Reinforcement Learning Racing Game

A 2D top-down racing game built with Pygame, used as an environment for experimenting with Reinforcement Learning (RL) algorithms. This project was developed as a student side project experiment to compare the performance and learning behavior of several RL approaches, ranging from simple approximate Q-learning to modern deep RL agents.

Project Overview

The environment is a fixed 2D racing track rendered using Pygame. One or more car agents must learn to navigate the track as fast as possible without going off-road. The game supports both a manual player mode and an AI training mode, where multiple agents can be trained simultaneously in the same environment.

The project explores the progression from simple RL methods to state-of-the-art deep RL, with each algorithm building on the shortcomings of the previous one.

Installation

Requirements: Python 3.10+

pip install pygame torch numpy

Place the following files in the same directory:

main.py
AIModel.py
Player.py
track_gen.py
track1.tr
assets/
  player.png
  corner.png
  straight.png
  finish.png

How to Use

Playing Manually

In main.py, set the AI mode flag to False and comment out the model to avoid loading delay:

AI_mode = False
# model = DDQNAgent()
# model.load()

Then run:

python main.py

Controls:

Arrow Up — Accelerate
Arrow Down — Brake
Arrow Left — Steer left
Arrow Right — Steer right

Training an AI Agent

Set AI_mode = True in main.py. The agent will begin training immediately. Multiple agents (default: 6) run simultaneously to speed up experience collection.

AI_mode = True

The model auto-saves every 5 minutes to rainbow_model.pth. The best lap time model is saved separately as Rainbow_best.pth.

To load a previously saved model before training continues:

model = DDQNAgent()
model.load()  # loads rainbow_model.pth by default

To start fresh (no loading):

model = DDQNAgent()
# do not call model.load()

To load a specific checkpoint:

model.load("Rainbow_best.pth")

Watching a Trained Agent (No Training)

To watch a trained agent without further training, comment out the model.update(...) call in main.py. This will prevent the update delay.

Racing your AI model

Load your specific checkpoint in race.py

model.load("Rainbow_best.pth")

Simply run race.py instead of main.py. This will set up the same environment. Except you are playing and the AI is shown as a ghost driver.

State & Action Space

State (18-dimensional vector)

Feature	Description
`v_norm`	Velocity normalized by max velocity
`sin(θ)`, `cos(θ)`	Player heading encoded as unit vector components
`angle_diff`	Signed angle between heading and next waypoint, normalized to [-1, 1]
`progress`	Current tile index / total tiles (track progress)
13× ray distances	Distance to track boundary at angles: -90°, -70°, -50°, -35°, -20°, -10°, 0°, 10°, 20°, 35°, 50°, 70°, 90°

All ray distances are clipped and normalized to [0, 1] (max ray length: 300px).

Action Space (9 discrete actions)

The action space is the Cartesian product of steering × throttle:

	Accelerate	Decelerate	Coast
Left	✓	✓	✓
Right	✓	✓	✓
Neutral	✓	✓	✓

Reward Function

Condition	Reward
Off track (grass)	−50
Moving forward 1 tile	+5
Moving backward	−5
Skipping tiles (teleporting)	−50
Standing still (< 5 units/s)	−2 per step
Waypoint alignment bonus	`corner_reward()` reward based on distance to waypoint

The waypoint reward guides the car through corners by rewarding progress toward the next geometric waypoint on the track.
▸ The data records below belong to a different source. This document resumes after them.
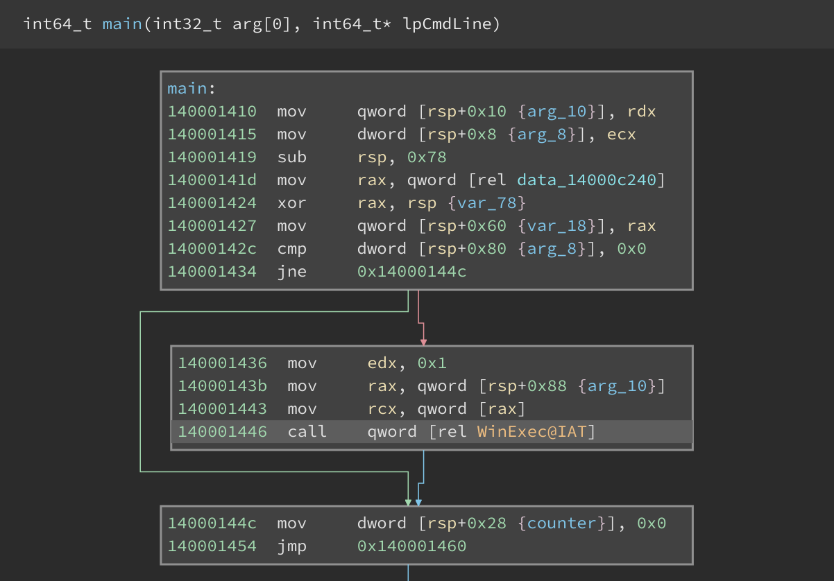 0x140001446 call qword [WinExec] ; WinExec(lpCmdLine, uCmdShow)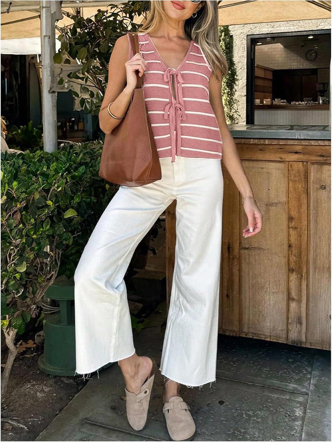SOLY HUX Women’s Sleeveless Striped Sweater Vest V Neck Tie Bow Crochet Knit Tank Tops Casual Loose Cardigan(White Striped)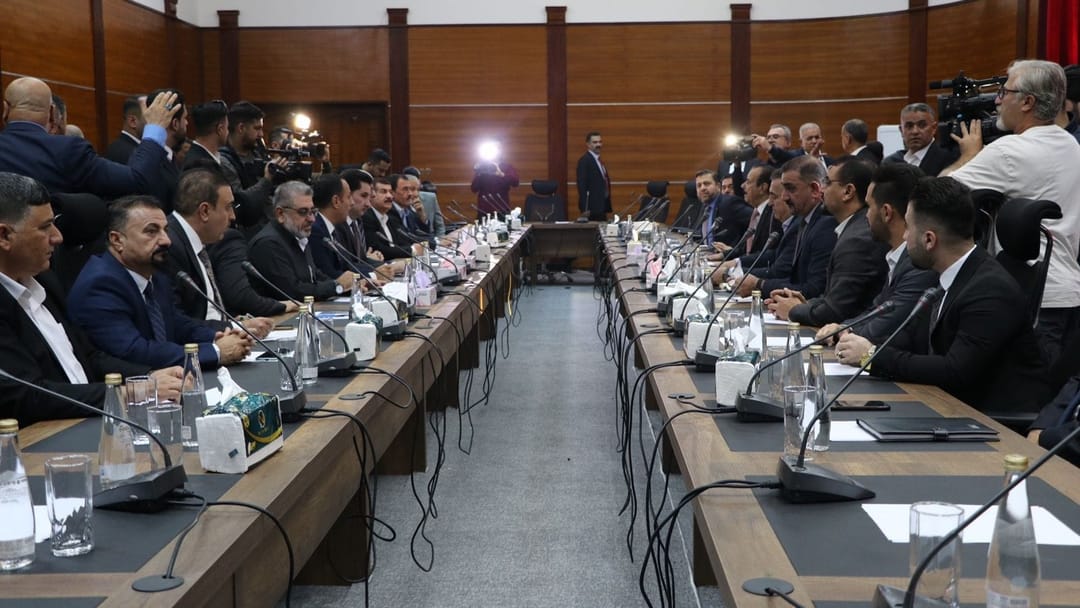 دوای کۆبوونەوە لەگەڵ سەرۆکوەزیران مەسرور بارزانی، ئێستا محەممەد شیاع سوودانی، سەرۆکوەزیرانی عێراق لەگەڵ ن...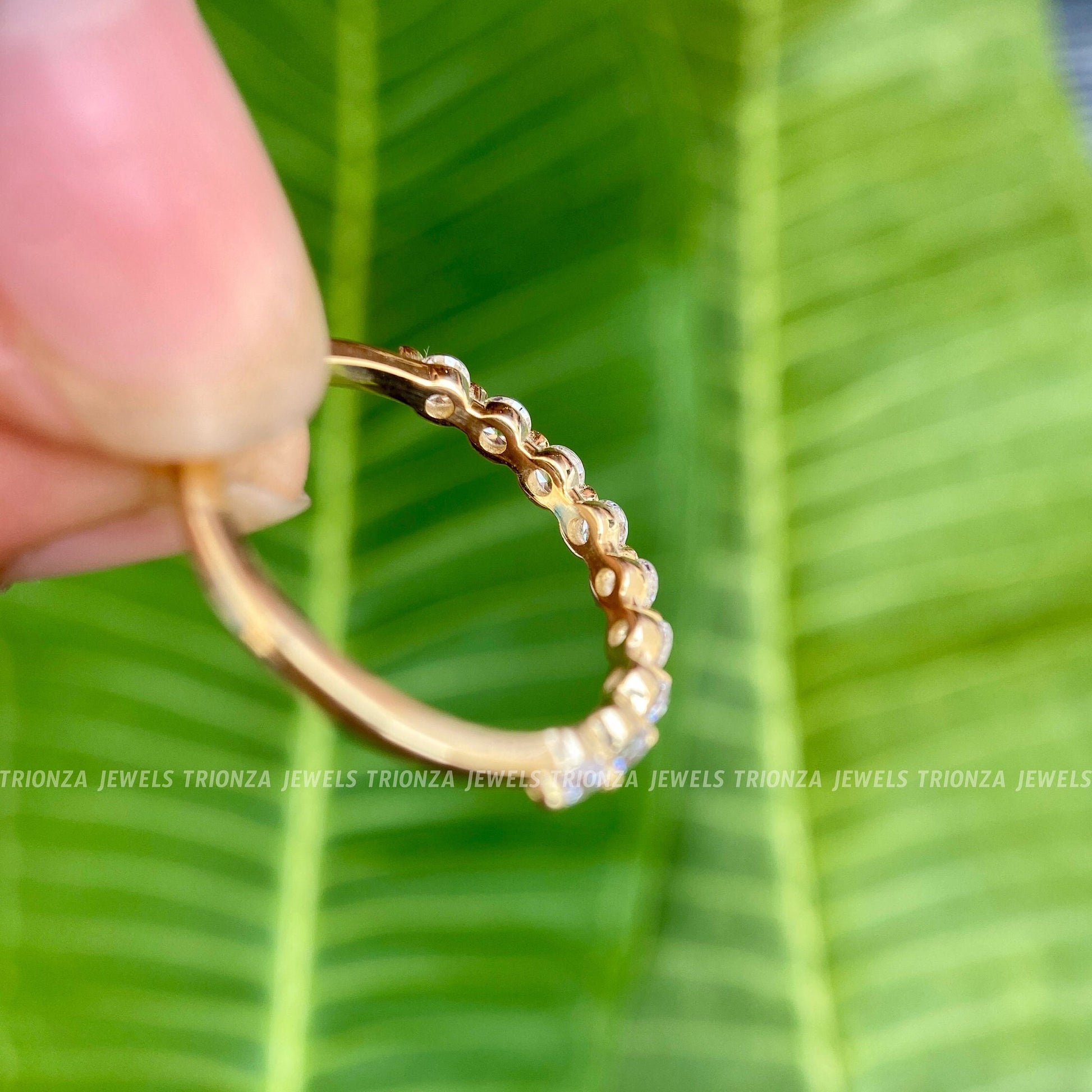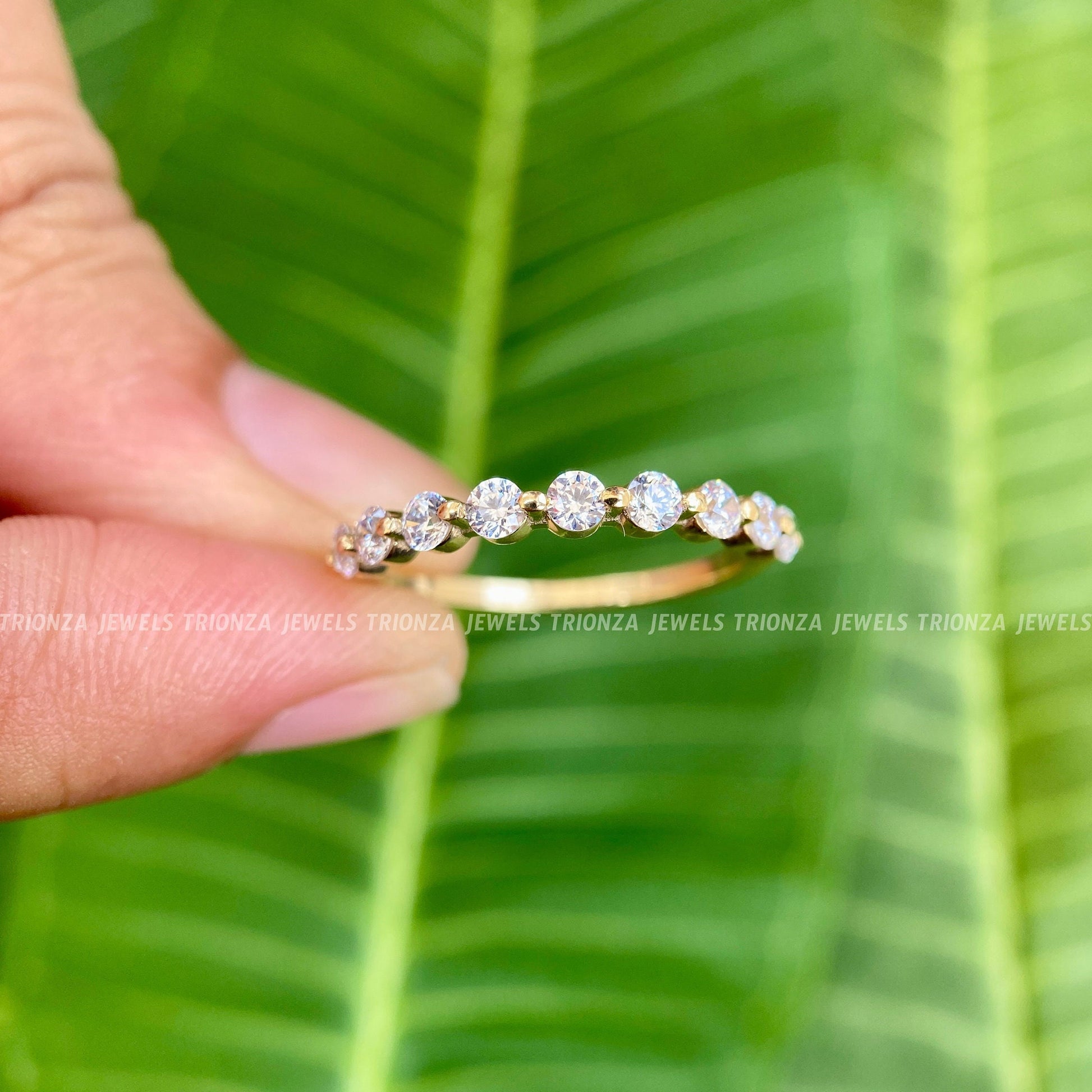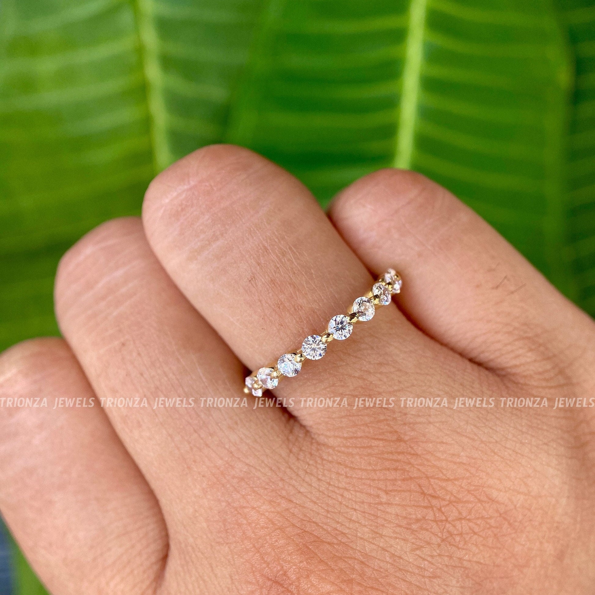 2.5 mm half Floating Diamond Wedding Band 14K Solid Real Gold with Simulated Diamonds For Women Half Eternity Band, Anniversary & Wedding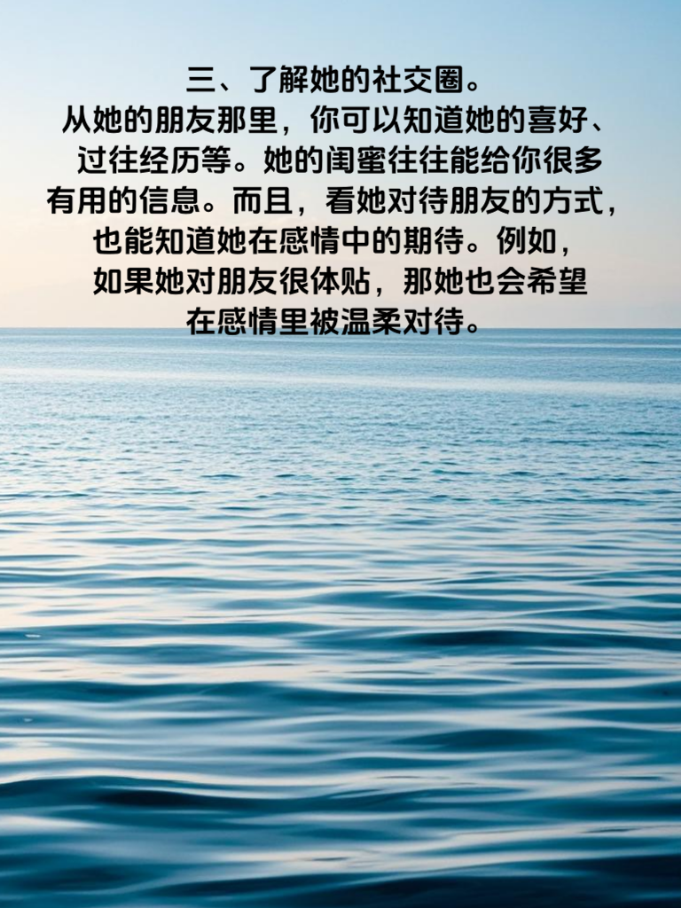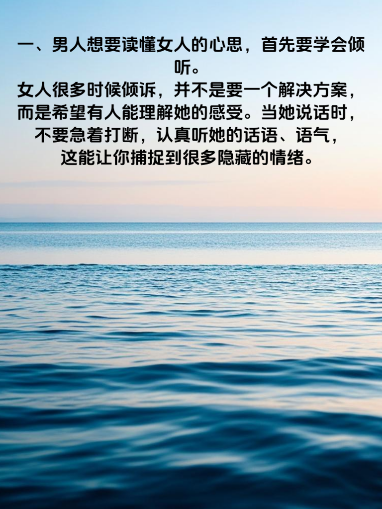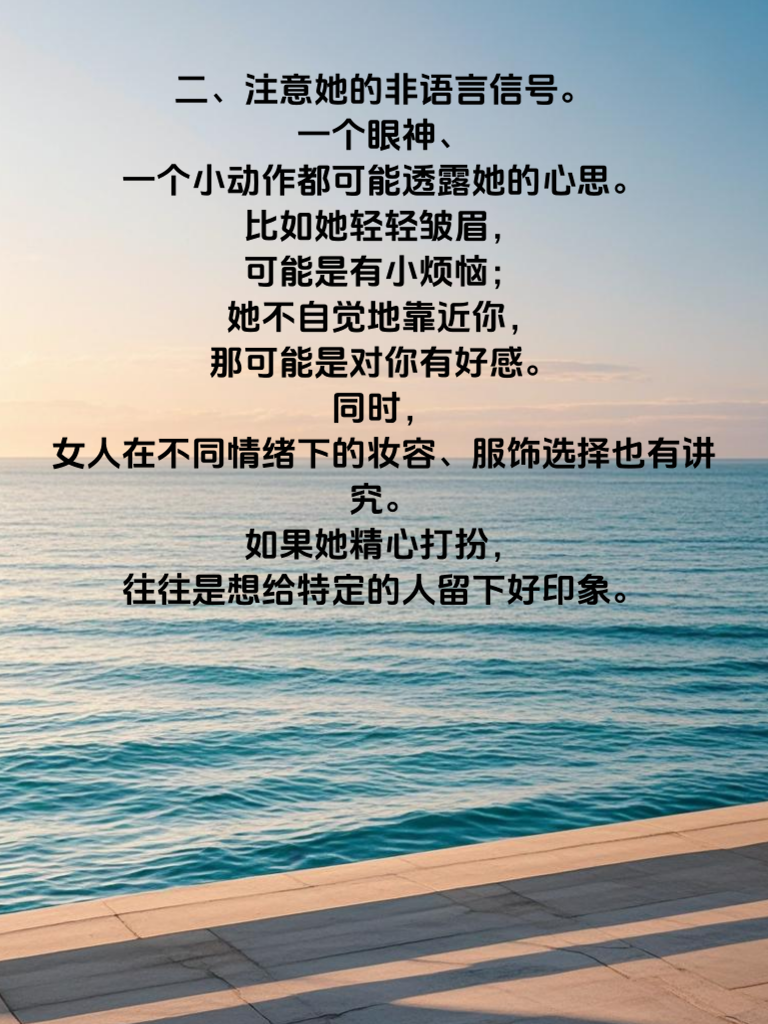 一、男人想要读懂女人的心思,首先要学会倾听。女人很多时候倾诉并不是要一个解决方案,而是希望有人能理解她的感受。当她说话时,不要急着打断,认真听她的话语、语气,这能让你捕捉到很多隐藏的情绪。 二、注意她的非语言信号。一个眼神、一个小动作都可能透露她的心思。比如她轻轻皱眉,可能是有小烦恼;她不自觉地靠近你,那可能是对你有好感。同时,女人在不同情绪下的妆容、服饰选择也有讲究。如果她精心打扮,往往是想给特定的人留下好印象。 三、了解她的社交圈。从她的朋友那里,你可以知道她的喜好、过往经历等。她的闺蜜往往能给你很多有用的信息。而且,看她对待朋友的方式,也能知道她在感情中的期待。例如,如果她对朋友很体贴,那她也会希望在感情里被温柔对待。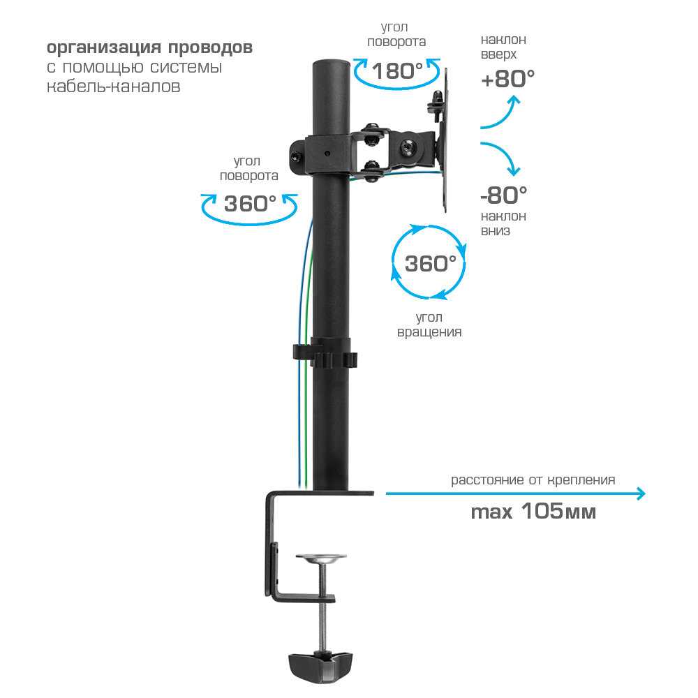 ✅ Экономит место на рабочем столе и позволяет крепить несколько мониторов одновременно.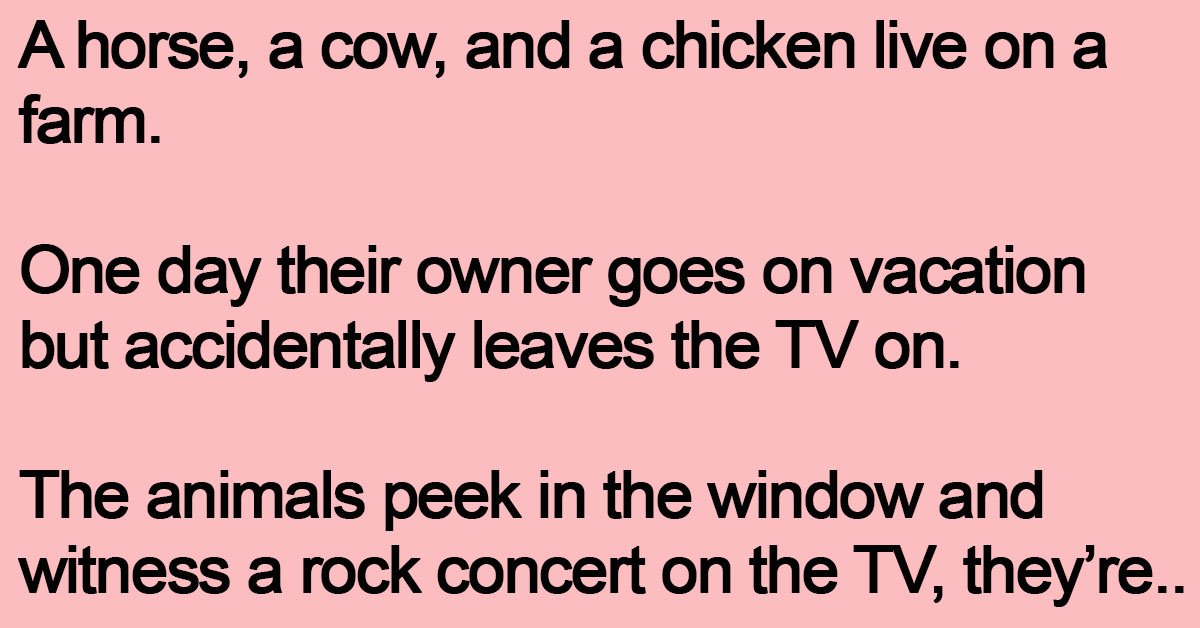 A horse, a cow, and a chicken live on a farm. One day their owner goes on vacation but accidentally leaves the TV on. The animals peek in the window … …

This was added after finding that tile-only rewards were insufficient to teach cornering behavior. It speeds up training by giving more regular rewards. Once the agent reaches a corner they get rewards for moving towards the next corner, which provides faster feedback.

Lap completion triggers a reset. A lap is only valid if the car visits at least 68 of the track tiles for a real player. For an AI agent, the rules are stricter: resets are triggered when cutting any part of the track or going off-track.

Design Choices

Multiple Parallel Agents

Six agents are trained simultaneously within the same game loop, all sharing a single neural network. This increases experience diversity and speeds up training without requiring true parallelism. Each agent maintains its own N-step buffer and episode state but contributes to the same replay buffer.

Because all agents share the network, NoisyNet noise is re-sampled independently for each agent before action selection (model.q_net.reset_noise()), ensuring diverse exploration across the population.

N-Step Returns

Rather than single-step TD targets, the agent uses 10-step returns. This allows reward signals from future timesteps to propagate back faster, which is particularly helpful on a track where rewards are sparse early in training.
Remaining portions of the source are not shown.